A crowd of 200 Evanston residents clapped, cheered and danced a little Gangnam Style during Monday’s Martin Luther King Jr. Day celebration organized by the nonprofit Youth Organizations Umbrella.
YOU hosted the annual celebration, called Diverse Evanston Walks United, to give youth in the community an opportunity to speak out against violence, said Melissa Carpenter, YOU community schools manager. Other local nonprofits, including the McGaw YMCA and Evanston 150, co-sponsored the event.
The theme this year — “hear the echo” — is particularly “poignant” because of recent tragedies involving gun violence, Carpenter said.
“It’s a huge tragedy but also really an opportunity to open the doors to that conversation,” she said.
Local students put on the two-hour performance at the Nichols Concert Hall of the Music Institute of Chicago, 1490 Chicago Ave. The performance featured singing, slam poetry and breakdance, interwoven with video clips of interviews with youth on violence prevention.
“If we start now, it can keep growing,” one girl in the video said.
“Maybe the adults should do a little more, too, not just the kids,” another said.
Graig Tertulien, a graduate of Evanston Township High School and YOU alumnus, sent a sobering message on the recent shootings with an original rap piece, “Gone.”
“God I can’t believe I’m making this song,” Tertulien sang. “I can’t believe another one’s gone.”
But the mood lightened when Oakton Community College students screened a short film featuring a kid participating in various YOU classes, including a Gangnam Style dance rehearsal with YOU staff. Several among the audience danced with the music in their seats.
Keynote speaker Tom Vanden Berk, who lost his 15-year-old son to gun violence in 1992, urged young people in the community to advocate for gun control through social media and petitions with state legislators. In a post-event interview with The Daily, Vanden Berk called accessibility to guns the cause of the violence “epidemic.”
“Get your voice heard immediately and strongly,” he said during his speech. “Remember it’s your friends and loved ones who are lost.”
The celebration serves to remind the Evanston community to work together on stopping violence, McGaw YMCA president Bill Geiger said.

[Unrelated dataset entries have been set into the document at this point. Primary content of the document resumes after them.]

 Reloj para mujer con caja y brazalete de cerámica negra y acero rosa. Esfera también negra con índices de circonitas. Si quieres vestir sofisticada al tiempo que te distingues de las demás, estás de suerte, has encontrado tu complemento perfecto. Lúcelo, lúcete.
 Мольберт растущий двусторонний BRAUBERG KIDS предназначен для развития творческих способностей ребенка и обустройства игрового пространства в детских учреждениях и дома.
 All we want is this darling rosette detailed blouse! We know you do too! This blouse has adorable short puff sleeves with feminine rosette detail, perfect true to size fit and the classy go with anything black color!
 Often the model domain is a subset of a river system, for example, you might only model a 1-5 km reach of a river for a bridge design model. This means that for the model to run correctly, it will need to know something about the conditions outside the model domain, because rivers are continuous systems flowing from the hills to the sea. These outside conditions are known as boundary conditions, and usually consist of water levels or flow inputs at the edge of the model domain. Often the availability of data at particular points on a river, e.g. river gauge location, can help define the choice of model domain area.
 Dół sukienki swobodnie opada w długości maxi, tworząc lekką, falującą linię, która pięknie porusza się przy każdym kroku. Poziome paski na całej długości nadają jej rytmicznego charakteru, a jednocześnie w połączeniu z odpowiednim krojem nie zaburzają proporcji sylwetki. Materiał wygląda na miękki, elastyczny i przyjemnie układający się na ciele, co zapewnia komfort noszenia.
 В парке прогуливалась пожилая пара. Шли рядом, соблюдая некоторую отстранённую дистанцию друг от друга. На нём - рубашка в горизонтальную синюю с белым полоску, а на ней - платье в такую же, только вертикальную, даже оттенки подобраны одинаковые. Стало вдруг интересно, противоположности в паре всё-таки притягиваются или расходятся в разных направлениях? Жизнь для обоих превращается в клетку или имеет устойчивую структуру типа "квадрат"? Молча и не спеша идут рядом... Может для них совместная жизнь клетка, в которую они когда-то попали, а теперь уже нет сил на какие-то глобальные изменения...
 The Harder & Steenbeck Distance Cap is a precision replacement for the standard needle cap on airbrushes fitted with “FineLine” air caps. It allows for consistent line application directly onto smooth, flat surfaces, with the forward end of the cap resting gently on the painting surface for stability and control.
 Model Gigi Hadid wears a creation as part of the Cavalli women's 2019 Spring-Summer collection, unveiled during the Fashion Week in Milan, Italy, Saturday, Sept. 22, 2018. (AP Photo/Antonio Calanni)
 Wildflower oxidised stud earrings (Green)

“It’s a great opportunity to see people from across our community come together to celebrate the legacy of Dr. King,” Geiger said in an interview. “Hopefully it provides an experience that sustains us through the year.”
Hawa Fahnbulleh, a Haven Middle School student who attended the celebration, said she supports the message to stop violence and “make each other feel loved.”
State Rep. Robyn Gabel (D-18th), who attended the event, said living King’s legacy involves reducing poverty and the high school dropout rate.
“Dr. King talks a lot about unity,” Gabel said. “He talked a lot about … the war on poverty. To me, implementing what King wanted us to do is really to make sure that people don’t go into poverty.”